Last Updated 04 May 2018, 07:41 IST

Former President Bill Clinton rallied to the defense of an one-time adversary on Wednesday, arguing that U.S. President Barack Obama cannot be blamed for a bad economy he inherited and must be re-elected to restore strong growth and create jobs.

The Democrats' most popular elder statesman, Clinton caps the second night of the Democratic National Convention with a speech designed to remind voters of the budget surpluses and job growth he led in the 1990s during his two terms in the White House.

He will appeal for more time for Obama to fix the economy and reduce the jobless rate of 8.3 percent, according to excerpts of a speech to be delivered later. Just as Obama has done repeatedly, Clinton blamed Republican President George W. Bush, without naming him, for leaving Obama with a broken economy.

"He inherited a deeply damaged economy, put a floor under the crash, began the long hard road to recovery, and laid the foundation for a more modern, more well-balanced economy that will produce millions of good new jobs, vibrant new businesses, and lots of new wealth for the innovators," Clinton will say.
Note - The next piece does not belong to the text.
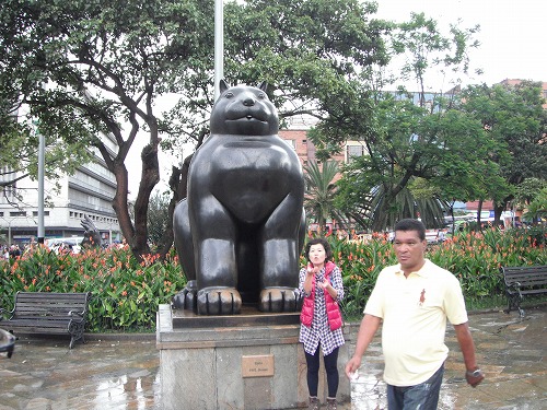しかし食後のコーヒーを飲みながら話し込んでいたら、雨が・・・。かなり降ってます。しばらく雨脚が弱まるのを待ってちょっと散歩。例の変な彫像がある公園に行きました。写真を撮っていたらまた雨脚が強まったのでメトロの高架下で雨宿り。そうしたら教会の勧誘が来ました。スペイン語わからんちゅうに。
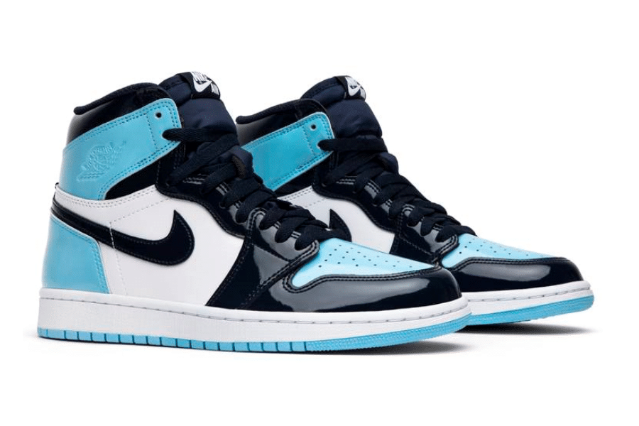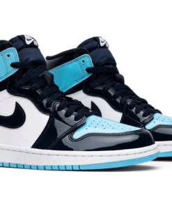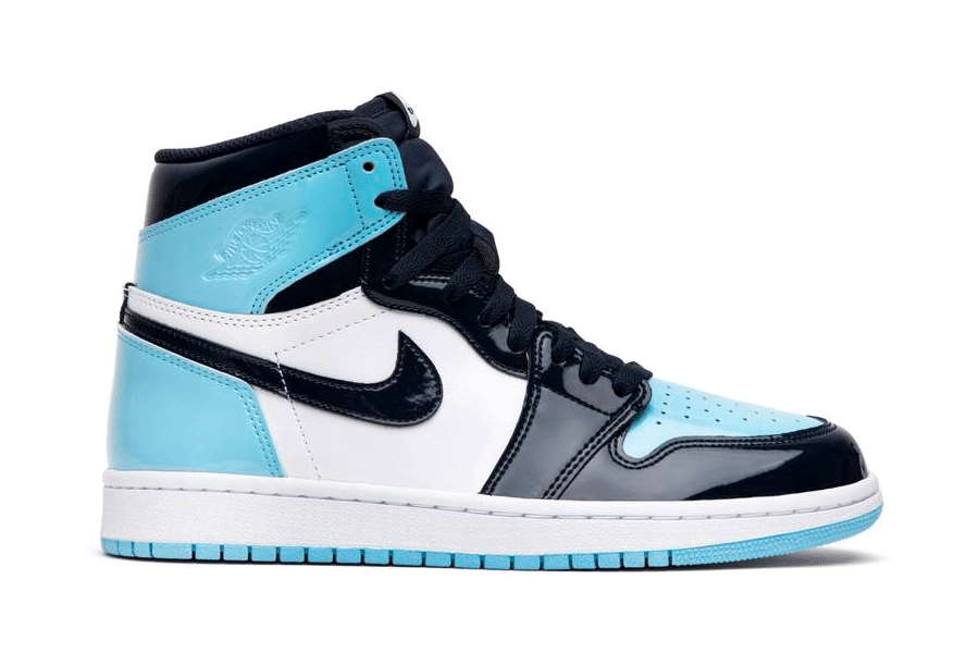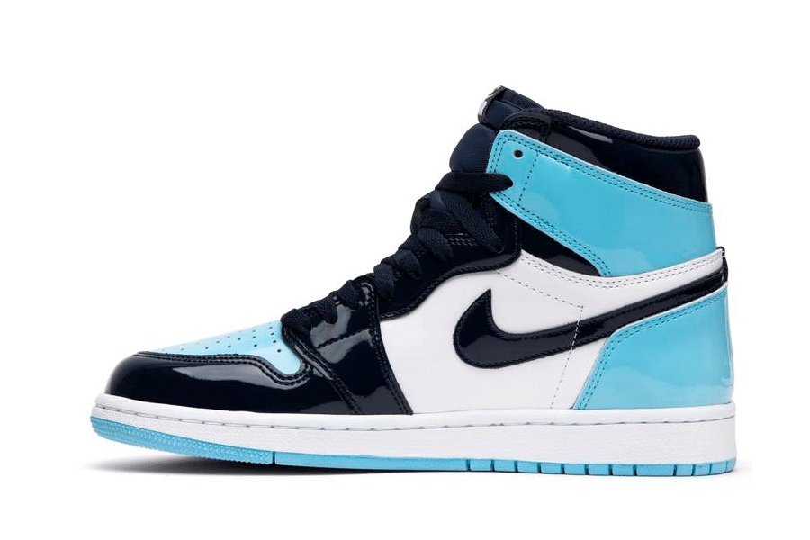 The Womens Air Jordan 1 Retro High OG ‘Blue Chill features a patent leather upper in Blue Chill and white with Obsidian overlays throughout. Released February 2019, the colors are inspired from Michael Jordans roots in North Carolina as well as the NBA All-Star host city Charlotte.

His appearance followed a sometimes chaotic day at the convention in Charlotte, where Obama had to personally intervene to force back into the party platform language declaring Jerusalem to be the capital of Israel.

And Democrats scrambled to move Obama's Thursday night speech indoors. He had wanted to accept the Democratic nomination in an open-air stadium jammed with tens of thousands of supporters to portray an image of strength as he faces a tough fight with Republican Mitt Romney at the November 6. election.

But the threat of thunderstorms from remnants of Hurricane Isaac forced convention organizers to switch the speech to a much smaller location, the Time Warner Cable Arena.

That disappointed many thousands of Obama's supporters with tickets for the stadium who will now be left out. There will be no colorful balloon drop from the ceiling, a familiar scene at U.S. political conventions.

Clinton was the main follow-up act to first lady Michelle Obama, who electrified the crowd with a powerful testimonial to her husband on Tuesday night.

In social media, reaction to her speech was off the charts.

She racked up 28,000 tweets per minute at the conclusion of her speech, according to Twitter. That was double the 14,000 that Romney saw in his convention speech last week. His wife Ann Romney's tweets per minute tally was just over 6,000.

'CANDID' RELATIONSHIP

Clinton and Obama have had strained ties at times, going back to the bitter 2008 Democratic presidential primary battle when the former Illinois state senator defeated Clinton's wife, Hillary.

But Clinton has since campaigned energetically for Obama and appeared in an ad in which he argues Romney would take the country back to Republican policies of deregulation and tax cuts for the rich "that got us in trouble in the first place."

Asked by NBC News about his relationship with Obama, Clinton was frank: "It's quite good, actually. It's candid, it's open. We haven't been close friends a long time or anything like that, but he knows that I support him."

Clinton rejected the criticism of Obama's economic leadership leveled by Romney and fellow Republicans at their own convention last week in Tampa, Florida.

"In Tampa, the Republican argument against the president's re-election was pretty simple: We left him a total mess, he hasn't finished cleaning it up yet, so fire him and put us back in," Clinton will say, according to the excerpts.

Republican vice presidential nominee Paul Ryan was quick with a response, saying Obama bears no resemblance to Clinton, who was "a different kind of Democrat."

"Bill Clinton gave us welfare reform. Bill Clinton worked with the Republicans to cut spending. Bill Clinton did not play the kind of political games that President Obama's playing," Ryan told CNN.

Obama arrived in Charlotte on Wednesday afternoon and planned to be in the convention hall for Clinton's speech, a campaign official said. The hall was already jammed with spectators.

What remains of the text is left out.